当初は完全な個人ブログで、その後、日本の編集部に持ち込み、サイト移転や中断を挟みつつComic Walkerでウェブ連載がスタートーー

それがついに単行本になりましたか!というのは、『日本ラー』時代の読者からしても感激する。

で、もともとの4コマがなんとも言えず脱力した雰囲気で、フーさんの使う日本語の語感もあいまって、これは良いエッセイ4コマだ!と。

そういえば、敬愛するとよ田みのるさんの『最近の赤さん』(現在は「娘さん」に成長( ´ ▽ ` )ノ)も、また山本さほさんの『岡崎に捧ぐ』もツイッターやウェブでスタート。それも「つい勢いで」くらいのノリ(^∇^)

糸井重里さんがそうした流れを自身の「ほぼ日」でサポートしたり、フーさんのコミックエッセイもそうした延長線上にありそう。

この単行本は「日本以外の書き手+エッセイ」という体裁らしく、以前チラッとだけ耳にしてそのままになっていた「北欧女子と日本」もこのシリーズに入ってるみたい。

フランス発のBDがアート、さらにその技を見よ!というハイクオリティとすれば、めちゃめちゃ親しみやすいこうしたエッセイマンガの両面があると嬉しいなー。

フーさんのネット発表分で一番ビックリしたのが「からあげ」エピソード。
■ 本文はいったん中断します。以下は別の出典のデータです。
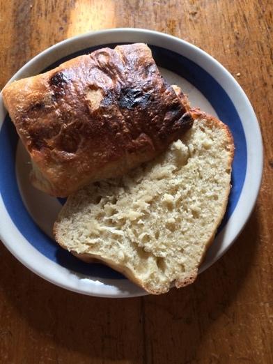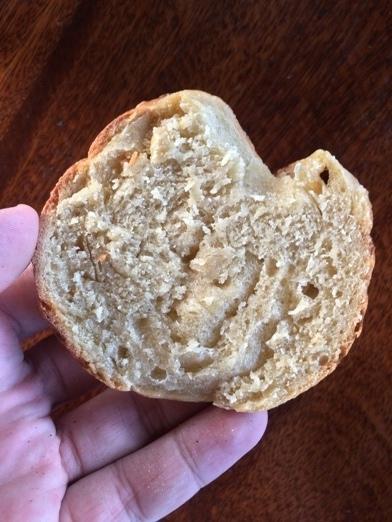 They were very fragrant coming out of the pot with a tangy smell and a touch of smoke and an extra buttery aroma. The crust was very crispy with a delicate feel to it and the crumb was soft with a very slight chew. The taste was complex; buttery, slightly sugary sweet with the barest hint of tang. Very good on its own or with fillings, so far we only had cheese in the house so that's what we used. Out of excitement we cut them while still hot so the crumb was still a bit wet and has not set-up completely. My parents really loved them because they don't have to fight them with their jaws but still has that lovely crisp crust like the last time.

「辛くないのにカラアゲとはどういうこと?」というのが、初めて食べた時の美味しさとともに綴られていて、確かに!と思ったな。

シンガポールでは英語、中国語普通話、一部ではマレー語もあるとか?(うろおぼえ)、書き手のフーさんは日本語を知っているし、ビミョーに中国語とも違う日本の漢字にまつわるエピソードも楽しい。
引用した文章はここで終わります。